Top of EXERCISE INPUT

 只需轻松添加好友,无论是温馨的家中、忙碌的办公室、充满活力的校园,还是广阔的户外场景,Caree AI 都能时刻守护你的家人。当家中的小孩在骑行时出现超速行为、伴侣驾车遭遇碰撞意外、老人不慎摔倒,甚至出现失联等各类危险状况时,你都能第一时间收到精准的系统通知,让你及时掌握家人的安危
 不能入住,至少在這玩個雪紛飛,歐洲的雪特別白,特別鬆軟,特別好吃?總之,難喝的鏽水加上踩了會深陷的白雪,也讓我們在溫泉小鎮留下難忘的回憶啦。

Bottom of EXERCISE INPUT
Top of EXERCISE INPUT

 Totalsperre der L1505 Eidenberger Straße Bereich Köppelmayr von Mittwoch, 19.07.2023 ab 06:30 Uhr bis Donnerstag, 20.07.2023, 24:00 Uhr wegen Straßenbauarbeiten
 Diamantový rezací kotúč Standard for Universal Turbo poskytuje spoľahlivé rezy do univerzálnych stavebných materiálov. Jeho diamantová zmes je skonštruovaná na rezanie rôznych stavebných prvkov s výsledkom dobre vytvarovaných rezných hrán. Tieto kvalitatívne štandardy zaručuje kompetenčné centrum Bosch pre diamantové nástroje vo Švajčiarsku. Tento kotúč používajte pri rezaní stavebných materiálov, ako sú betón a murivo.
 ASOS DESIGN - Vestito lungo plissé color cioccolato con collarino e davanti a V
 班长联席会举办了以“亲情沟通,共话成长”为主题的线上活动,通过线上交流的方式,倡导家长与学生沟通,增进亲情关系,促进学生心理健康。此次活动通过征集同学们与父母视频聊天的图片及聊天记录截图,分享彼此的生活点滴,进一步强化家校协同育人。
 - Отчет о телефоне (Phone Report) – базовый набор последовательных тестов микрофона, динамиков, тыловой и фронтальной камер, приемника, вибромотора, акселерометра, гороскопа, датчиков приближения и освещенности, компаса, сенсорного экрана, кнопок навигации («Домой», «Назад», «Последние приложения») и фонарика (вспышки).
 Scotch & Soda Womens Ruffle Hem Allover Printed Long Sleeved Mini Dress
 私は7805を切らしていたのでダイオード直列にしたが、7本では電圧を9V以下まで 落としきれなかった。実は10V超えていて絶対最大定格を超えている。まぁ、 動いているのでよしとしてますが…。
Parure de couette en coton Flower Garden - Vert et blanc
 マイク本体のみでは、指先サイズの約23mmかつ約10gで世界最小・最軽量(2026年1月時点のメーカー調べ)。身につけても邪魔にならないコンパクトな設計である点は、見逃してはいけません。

Bottom of EXERCISE INPUT
Top of EXERCISE INPUT

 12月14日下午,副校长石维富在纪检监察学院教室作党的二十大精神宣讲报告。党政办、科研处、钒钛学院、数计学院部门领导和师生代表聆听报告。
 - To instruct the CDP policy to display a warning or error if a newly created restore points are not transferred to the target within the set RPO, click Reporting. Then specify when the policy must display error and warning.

Bottom of EXERCISE INPUT

Reproduce exactly, and with no other material, the lines between those holding "Diamantový rezací kotúč" and "マイク本体のみでは、指先サイ", inclusive.

▶ **ANSWER FOR THE TASK**
 Diamantový rezací kotúč Standard for Universal Turbo poskytuje spoľahlivé rezy do univerzálnych stavebných materiálov. Jeho diamantová zmes je skonštruovaná na rezanie rôznych stavebných prvkov s výsledkom dobre vytvarovaných rezných hrán. Tieto kvalitatívne štandardy zaručuje kompetenčné centrum Bosch pre diamantové nástroje vo Švajčiarsku. Tento kotúč používajte pri rezaní stavebných materiálov, ako sú betón a murivo.
 ASOS DESIGN - Vestito lungo plissé color cioccolato con collarino e davanti a V
 班长联席会举办了以“亲情沟通,共话成长”为主题的线上活动,通过线上交流的方式,倡导家长与学生沟通,增进亲情关系,促进学生心理健康。此次活动通过征集同学们与父母视频聊天的图片及聊天记录截图,分享彼此的生活点滴,进一步强化家校协同育人。
 - Отчет о телефоне (Phone Report) – базовый набор последовательных тестов микрофона, динамиков, тыловой и фронтальной камер, приемника, вибромотора, акселерометра, гороскопа, датчиков приближения и освещенности, компаса, сенсорного экрана, кнопок навигации («Домой», «Назад», «Последние приложения») и фонарика (вспышки).
 Scotch & Soda Womens Ruffle Hem Allover Printed Long Sleeved Mini Dress
 私は7805を切らしていたのでダイオード直列にしたが、7本では電圧を9V以下まで 落としきれなかった。実は10V超えていて絶対最大定格を超えている。まぁ、 動いているのでよしとしてますが…。
Parure de couette en coton Flower Garden - Vert et blanc
 マイク本体のみでは、指先サイズの約23mmかつ約10gで世界最小・最軽量(2026年1月時点のメーカー調べ)。身につけても邪魔にならないコンパクトな設計である点は、見逃してはいけません。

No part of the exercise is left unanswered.